# Red Bellied



## deathrail (Jun 9, 2009)

Just curious direct accordingly if i am asking again however I've been reading that red bellies are often ready to bread around sizes of 5" and the average grow rate is 1" a month, but is there an age? In the right conditions to me sounds as if it is pretty much stating that in 5 months a male and a female and you could bread?
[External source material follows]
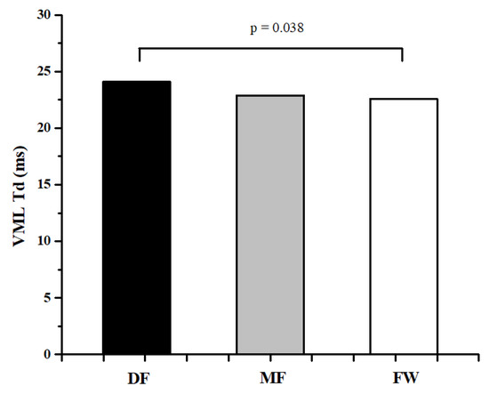 Differences between football players of different playing positions in Td of VML muscle.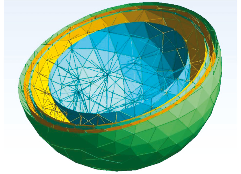 С учётом названных ограничений одной из наиболее перспективных для конечно-элементного моделирования областей тела представляется голова, геометрия мозгового отдела которой очень близка к такому телу, как многослойный шар с равномерным распределением слоёв однородной структуры [8]. Поверхность шара имеет с касательной плоскостью только одну общую точку, что позволяет пренебречь потерями тепла путём теплопроводности при контакте головы с опорной поверхностью и не учитывать в КЭМ теплофизические свойства последней.

If i were to get some pictures up tomorrow is it possible someone could point out characteristics on my two 3" p's for male/female with out them being dark? I feel when looking at the two that one is thicker thn the other and a little more aggressive, taking more leadership ect..

Thanks


----------



## blbig50 (Jan 1, 2009)

Just because they are at the 5" range doesnt make them sexually ready. Most of the people here that have breeders I believe have had them for at least a year first. They will definitely not have their spots any more. Spots means that they are still juveniles. There is no for sure way to sex them either. Though some people have ways. Nothing is for sure though. If there are ready to breed, they will get really dark. Hope this helps man.


----------



## No0dles (Dec 16, 2003)

yeah it's hard to tell but mature males tend to have darker coloration than females who have a more yellowish hue to them but the difference is next to impossible to tell to a novice. if you have a number of p's you'll also be able to tell cause when they pair off they will select a territory and scare all the other fish away from it. also for the sake of writing more about it i posted this from waterwolves website since pfury info on it has a 404 error and i've posted on this topic a bunch before and frankly tired of people not using the search so here it is









Spawning: The male will begin shifting gravel around, building a nest, while the female watches. When he is done, he will urge her toward the nesting site, and she will help him to put the final touches on it. When ready to spawn, they will circle each other, then begin swimming side by side. Heads pointing toward the substrate, they begin to release eggs and sperm, sometimes nipping and slapping at each other with their tails. The process is repeated numerous times until all eggs have been released, something that can take hours. Afterward the male usually guards the eggs, fiercely protecting them from tankmates who get too close. It is not neccessary to remove the female.










Oh and







to PFURY


----------



## CLUSTER ONE (Aug 2, 2006)

deathrail said:


> Just curious direct accordingly if i am asking again however I've been reading that red bellies are often ready to bread around sizes of 5"* thats the very min, but 6" is more accepted* and the average grow rate is 1" a month,* Thats only like the filrst month- regardless they sould be sexually mature at a year to a year and a half from fry when they area about 6" * but is there an age? In the right conditions to me sounds as if it is pretty much stating that in 5 months a male and a female and you could bread? * 5 months is much to small assuming sicne their birth. Like said its generally acepted that they could potentially breed at 6" and a year of age, but thats not set in stone.*
> 
> If i were to get some pictures up tomorrow is it possible someone could point out characteristics on my two 3" p's for male/female with out them being dark?* There are no charachteristics. So you have a 50% chance you have a male and female and an even smaller chance they will breed* I feel when looking at the two that one is thicker thn the other and a little more aggressive, taking more leadership * that doesnt say anything about their sex.*ect..
> 
> Thanks


----------